On the hill above the town is one of the possible locations of Odysseus palace. No trace remains but some artifacts from the time have been found.
Kioni is still a fishing town and where there are fish on lan d you will find cats; where there are fish restaurants you will find plenty of cats.
Some are cuter than others, of course.
Mother Nature intervenes again and another storm is forecast. The Ionian doesn’t have many marinas and only some town quays are safe in storms. So we decide to head way south almost into the Gulf of Corinth to a town called Messolonghi. Those of you who know your poetry may recall that this is where the English romantic poet, Lord Byron, died while he was fighting in the Greek War of Independence. It would be nice to say that he died while fighting off hordes of Turks. But no - he drowned while swimming on one of his days off. Not so “romantic” but he still gets a suitably martial statue, anyway.

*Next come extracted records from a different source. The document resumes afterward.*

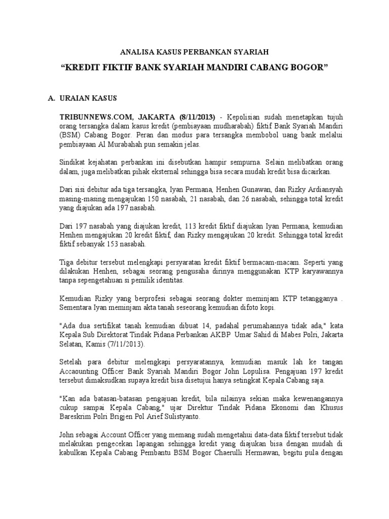 Contoh Kasus Bank Syariah Di Indonesia Contoh Kasus Penyimpangan Transaksi Pada Bank Syariah Terhadap Koperasi Berkah Syariah. Studi kasus pada bank Syariah di Indonesia yang dimana pada saat auditor sedang mengaudit laporan keuangan bank Syariah tersebut yang merupakan cabang dari bank konvensional auditor...
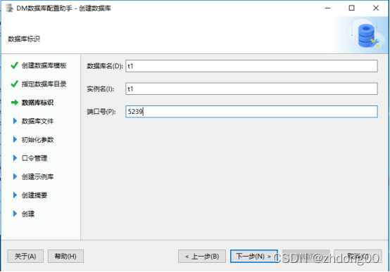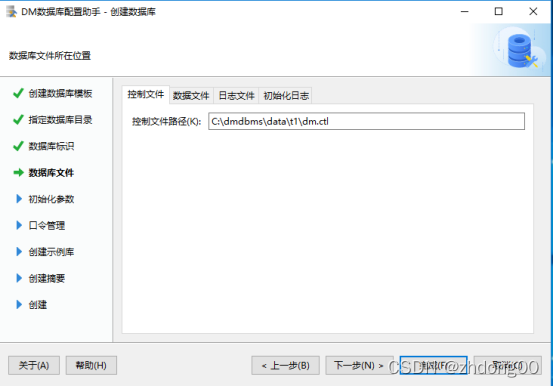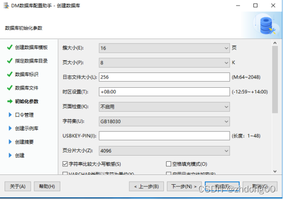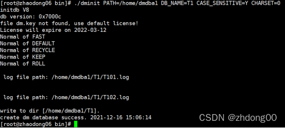 ./dminit PATH=/home/dmdba1(数据库的存放目录) DB_NAME=T1(数据库的名字) CASE_SENSITIVE=Y(开启大小写敏感) CHARSET=0(字符集为GB18030)
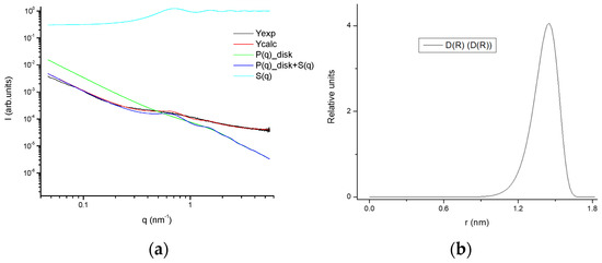 The experimental SAXS data were fitted by an in-house program [67,68] that uses the minimization MINUIT program created by CERN [67,68]. The measured SAXS profile intensity (I(q)) were adjusted to an interacting disk-like shape model [69] described by a structure factor of hard-disk mixtures resolved by an analytic theory resulting from a free-energy functional for the inhomogeneous hard-disk fluid [70]. The pores observed by cryo-SEM suggested a random uniform distribution that was previously modelled [71] with the hard-disk structure factor (Equations (2) and (3)) [63] to consider the scattering interference aroused from the different pores by interpolating the analytical solution of a two-dimensional mixture of inhomogeneous discs from the analytical cases of one and three dimensions and with the structure factor defined as:
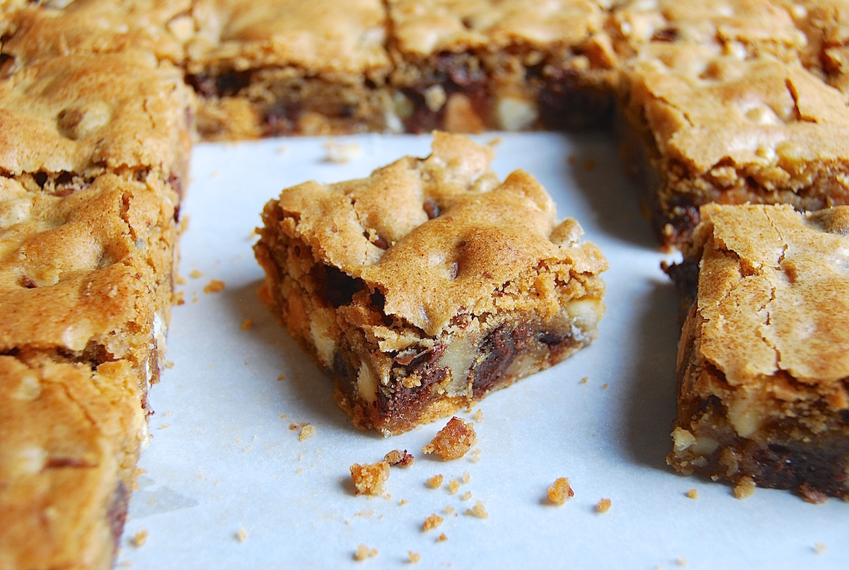 Anyone who loves bars or chocolate chip cookies will love these. It’s an impressive-looking dessert, but also a nice change from a classic blondie or brownie.
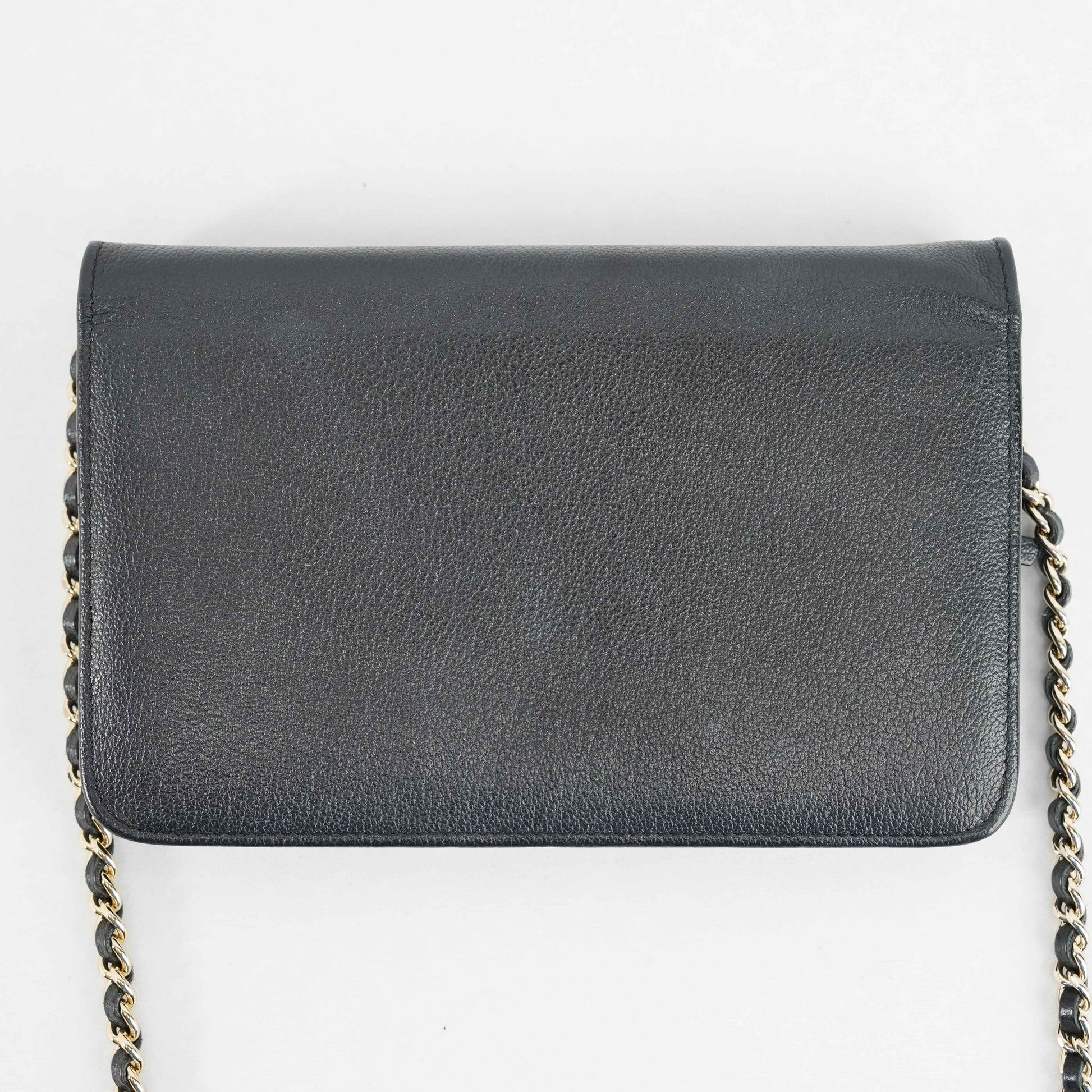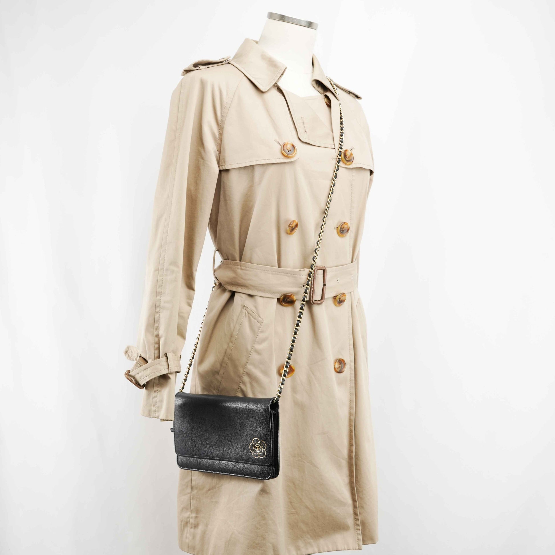 Elevate your essentials with this exquisite Chanel Wallet on Chain, a perfect fusion of elegance and functionality. Crafted from supple black lambskin leather, this piece features a refined, structured silhouette accented by the iconic gold-tone camellia flower with interlocking CC logo detail—a symbol of Chanel's enduring femininity.
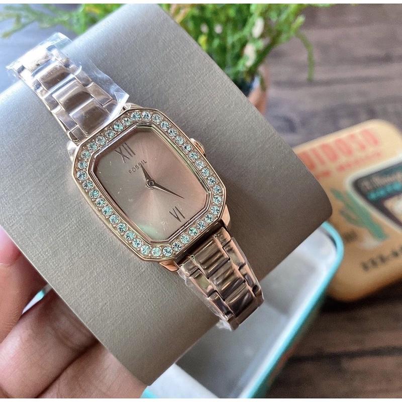fossil 玫瑰金方錶鑲鑽 BQ3670

Messolonghi is located on salt marshes and lagoons and hence is great for sea food. The quality attracts all sorts of visitors and locals. This local was snacking just at the back of our boat; he/she was about five feet long. This close that is BIG.
We spend the next few days at anchor in a couple of spots with perfect water for swimming.
But today there is an added bonus. In her usual way, Lori strikes up a casual conversation with a passing Israeli ex-police officer on a paddle-board.
“I’ve never been on one of those before”, she says meaningfully.
Soon she is off on the board solo.
Despite the fact that she does well and does not fall in, I am prohibited from publishing any pictures here. However, those of you seeking some kind of record of this epic event may visit www.makecolinscottarichmanfund.com and purchase hard copies in a range of sizes.
It is now time to head back through the canal on our way north to pick up our Italian friend, Alphonso. He is looking to make a long night passage and we have offered him and his son a place on our boat as we make the trip back to Italy.